Não demorou muito para que o futuro que adivinhava negro se tornasse realidade. E a realidade é bem mais difícil de fugir do que previsões pessimistas. Empréstimos, desemprego, dívidas, azar. Há muito tempo que estas palavras fazem parte da nossa família, já deveria estar habituado e temo que começo a ficar mesmo. Não adianta fazer nada, sempre que as coisas parece que estão a tomar um rumo no que diz respeito às finanças desta família, surge mais um acontecimento surpresa e volta tudo à estaca zero. Não. Pior. Ainda se consegue retroceder a estaca zero. Os prazos são implacáveis e não adianta chorar que isso não vai adiar absolutamente nada. E mesmo que adiasse. Mais tarde iria se passar o mesmo embora seja preferível mais tarde do que mais cedo. Não me restam muitas alternativas, a minha família não é muito numerosa e não tenho amigos ricos a quem possa recorrer. Provavelmente vou ter de pedir outro empréstimo para tapar o buraco. Outro buraco... começo a não ter membros suficientes para tapar todos os buracos.
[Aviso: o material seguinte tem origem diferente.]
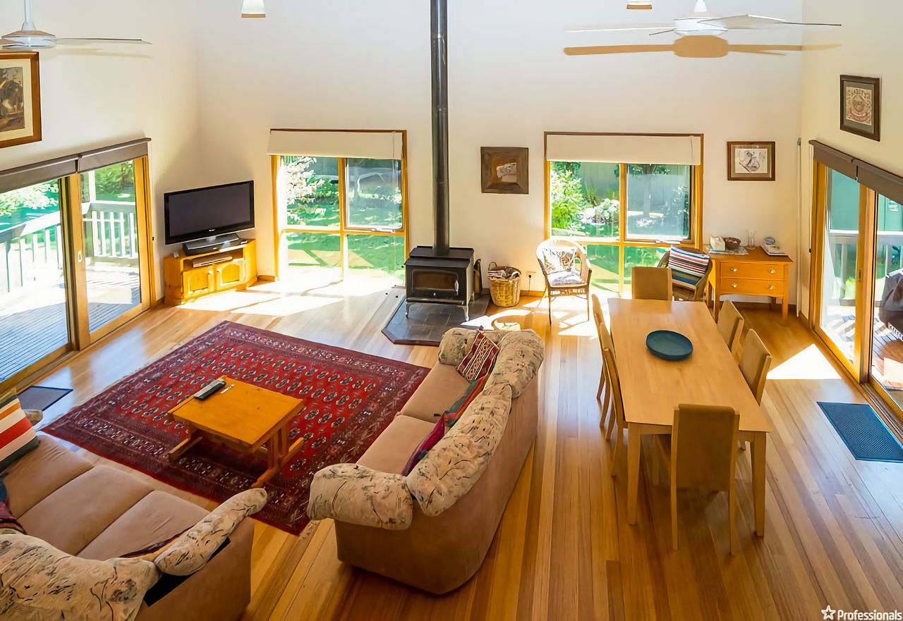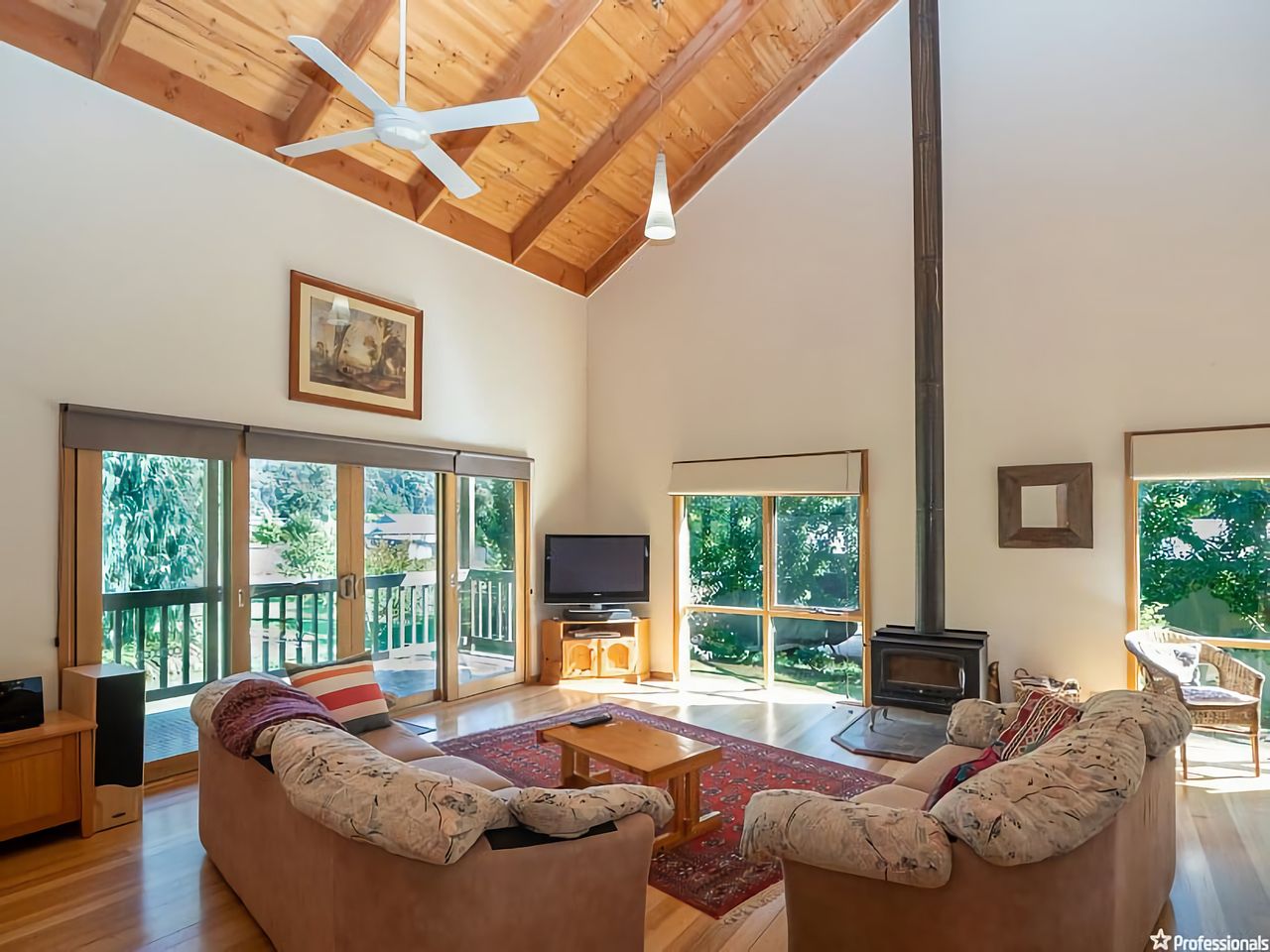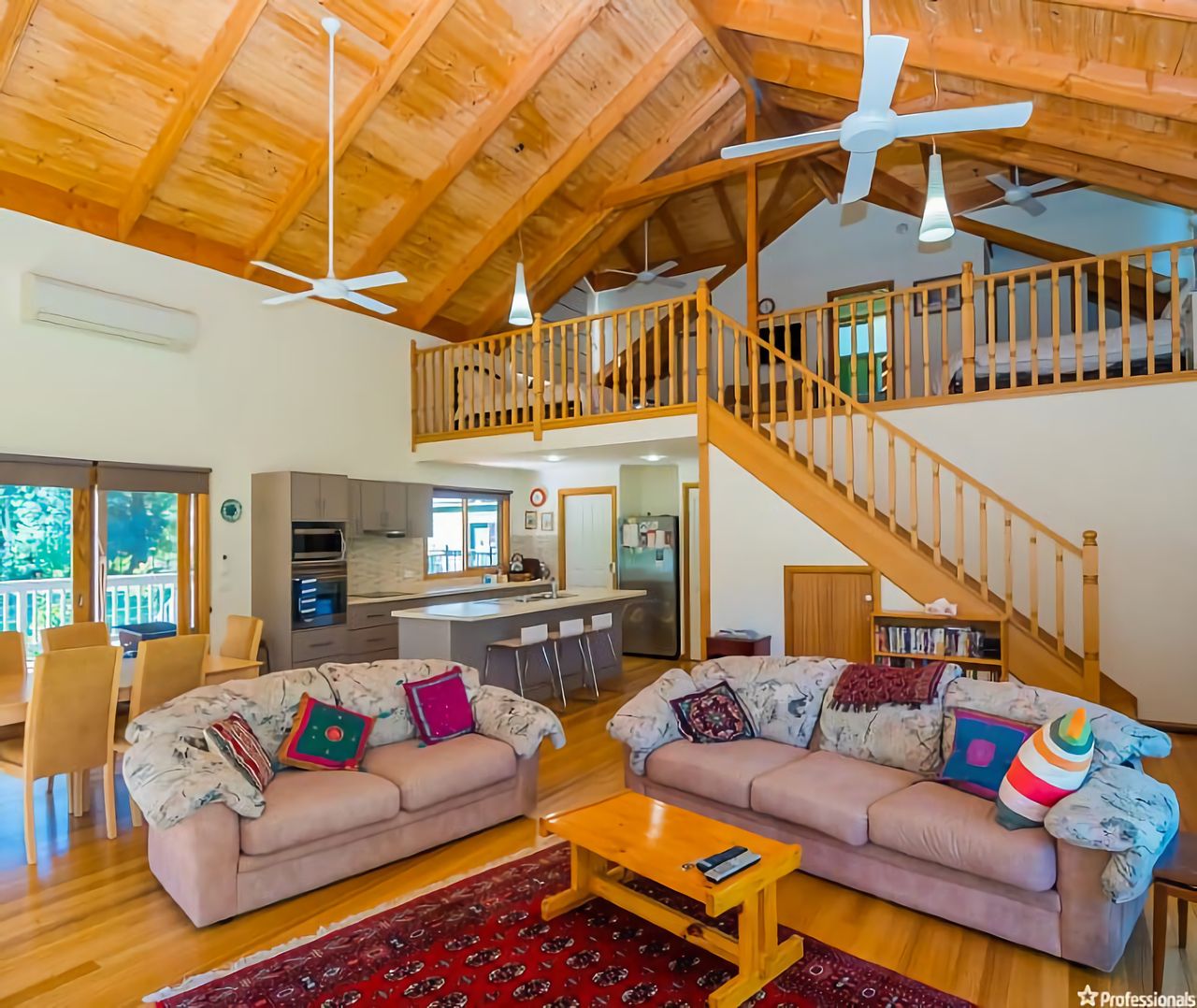Escape to Mountain Ash Lodge, a bright and charming retreat close to Marysville’s cafés, shops, Lake Mountain, and Stevenson Falls. Enjoy open-plan living with a wood fire, modern kitchen, and mezzanine-style layout filled with natural light.
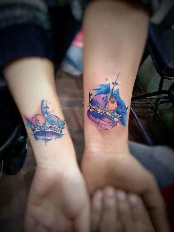 适合情侣的一组成对的皇冠纹身作品
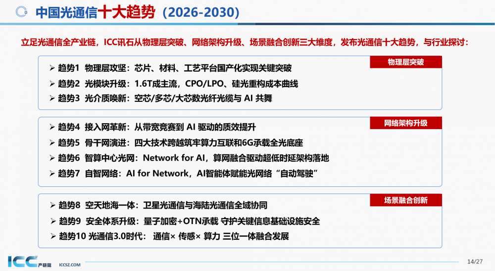 趋势十:光通信 3.0 时代,通信 × 传感 × 算力三位一体融合发展。

Por muito que tente me abstrair, de tentar ser egoísta ao ponto de pensar que o problema não é meu, isto não me sai da cabeça. Não me saiu da cabeça durante todo o dia. Nem que escreva em todas as folhas deste caderno isso vai acontecer. Nem que fale com quinhentas pessoas, conhecidos, amigos e desconhecidos. A preocupação vai ficar cá. O estado de desespero que planos destroçados assentes em sonhos traz continua a marcar a minha vida e tão cedo não me vou livrar disto. Onde é que eu vou arranjar dinheiro até o final do mês para pagar a prestação? Como é que o vou fazer? Será que o consigo fazer legalmente? Quando a recompensa por se agir da melhor maneira é esta, será isto um sinal para tentar a outra face da moeda? Mais perguntas.
Merda.
Preciso de dinheiro.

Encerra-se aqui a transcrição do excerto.